A vertex shader may write a single clip distance for each enabled clip
halfspace to elements of the gl_ClipDistance[] array. Clip half-space
<i> is then given by the set of points satisfying the inequality
ci(P) >= 0,
where ci(P) is the value of clip distance <i> at point P. For point
primitives, ci(P) is simply the clip distance for the vertex in question.
For line and triangle primitives, per-vertex clip distances are
interpolated using a weighted mean, with weights derived according to the
algorithms described in sections 13.6 (Line Segments) and 13.7
(Polygons).
Client-defined clip half-spaces are enabled or disabled by calling
Enable or Disable with target CLIP_DISTANCE<i>_EXT, where <i> is an
integer between 0 and <n> - 1; specifying a value of <i> enables or
disables the client-defined clip half-space with index <i>. The
constants obey CLIP_DISTANCE<i>_EXT = CLIP_DISTANCE0_EXT + <i>.
If the primitive under consideration is a point, then clipping passes it
unchanged if it lies withing the clip volume; otherwise it is discarded.
If the primitive is a line segment, then clipping does nothing to it if
it lies entirely withing the clip volume, and discards it if it lies
entirely outside the volume.
If part of the line segment lies in the volume and part of it lies
outside, then the line segment is clipped and new vertex coordinates
are computed for one or both vertices.

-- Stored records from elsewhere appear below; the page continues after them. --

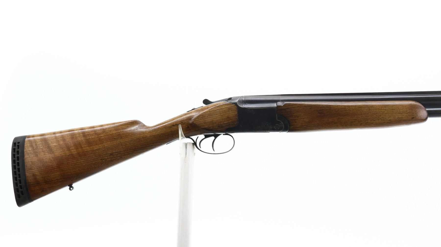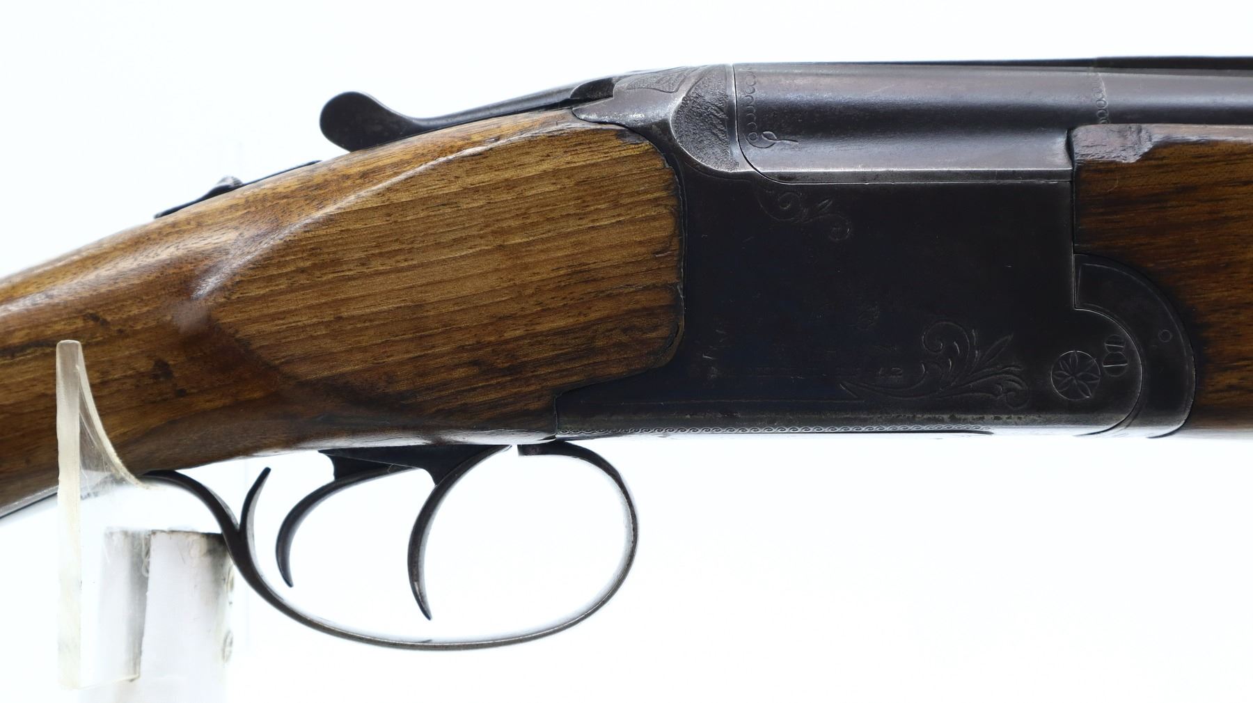 4/10, BAIKAL, MODEL: IJ-12, CALIBER:12 G X 2 3/4", BORES ARE GOOD. FIXED CYLINDER CHOKES. BRASS BEAD, SHORTENED BARREL WITH SOLID RIB, AUTOMATIC SAFETY, EXTRACTOR, DOUBLE TRIGGERS. TWO PIECE SMOOTH WOOD STOCKS, STRAIGHT GRIP, BLACK VENTED RUBBER RECOIL PAD, SWIVEL STUDS. METAL FINISH SHOWS SOME SCRATCHES, HANDLING MARKS AND WEAR. STOCKS SHOW SOME MARKS, SCRATCHES AND WEAR. , ACTION: HINGED OVER UNDER SHOTGUN, BARREL LENGTH: 24", SERIAL # H0079, CONDITION: 4/10, CLASS: CANADIAN NON RESTRICTED
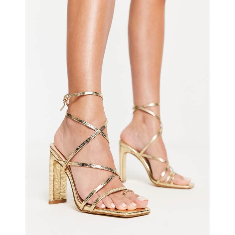 Public Desire Gold Strappy Block Heeled Sandals New Look Very well made.
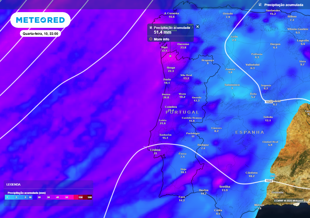 Prevê-se que a chuva seja intensa no território minhoto, podendo acumular cerca de 40 mm só nas primeiras 12 horas de terça-feira (9) nas zonas montanhosas dos distritos de Viana do Castelo e Braga, sendo fraca a moderada neste mesmo período em grande parte do Norte, Centro e Grande Lisboa. À medida que o dia de terça-feira (9) for decorrendo, a chuva espalhar-se-á de noroeste para sudeste, alcançando todas as regiões do Continente.

A clipped line segment endpoint
lies on both the original line segment and the boundary of the clip
volume.
This clipping produces..."
Add the following text to the end of Section 12.4:
"Primitives rendered with user-defined half-spaces must satisfy a
complimentary criterion. Suppose a series of primitives is drawn where
each vertex <i> has a single specified clip distance <di> (or a number
of similarly specified clip distances, if multiple half-spaces are
enabled). Next, suppose that the same series of primitives are drawn
again with each such clip distance replaced by -<di> (and the GL is
otherwise in the same state). In this case, primitives must not be
missing any pixels, nor may any pixels be drawn twice in regions where
those primitives are cut by the clip planes.
The state required for clipping is MAX_CLIP_DISTANCES_EXT bits indicating
which of the client-defined half-spaces are enabled. In the initial state,
all half-spaces are disabled."
Additions to OpenGL ES Shading Language 3.20 Specification
Including the following line in a shader can be used to control
the language features described in this extension:
#extension GL_EXT_clip_cull_distance : <behavior>
where <behavior> is as described in section 3.4.
A new preprocessor #define is added to the OpenGL ES Shading Language:
#define GL_EXT_clip_cull_distance 1
Additions to Chapter 7 of the OpenGL ES Shading Language 3.20 Specification
(Built-in Variables)
Modify Section 7.1, Vertex Shader Special Variables (p. 119)
out gl_PerVertex
{
...
highp float gl_ClipDistance[];
highp float gl_CullDistance[];
};
Similar changes in Geometry, Tessellation Control, Tessellation Evaluation
language "in gl_PerVertex" and "out gl_PerVertex" structures.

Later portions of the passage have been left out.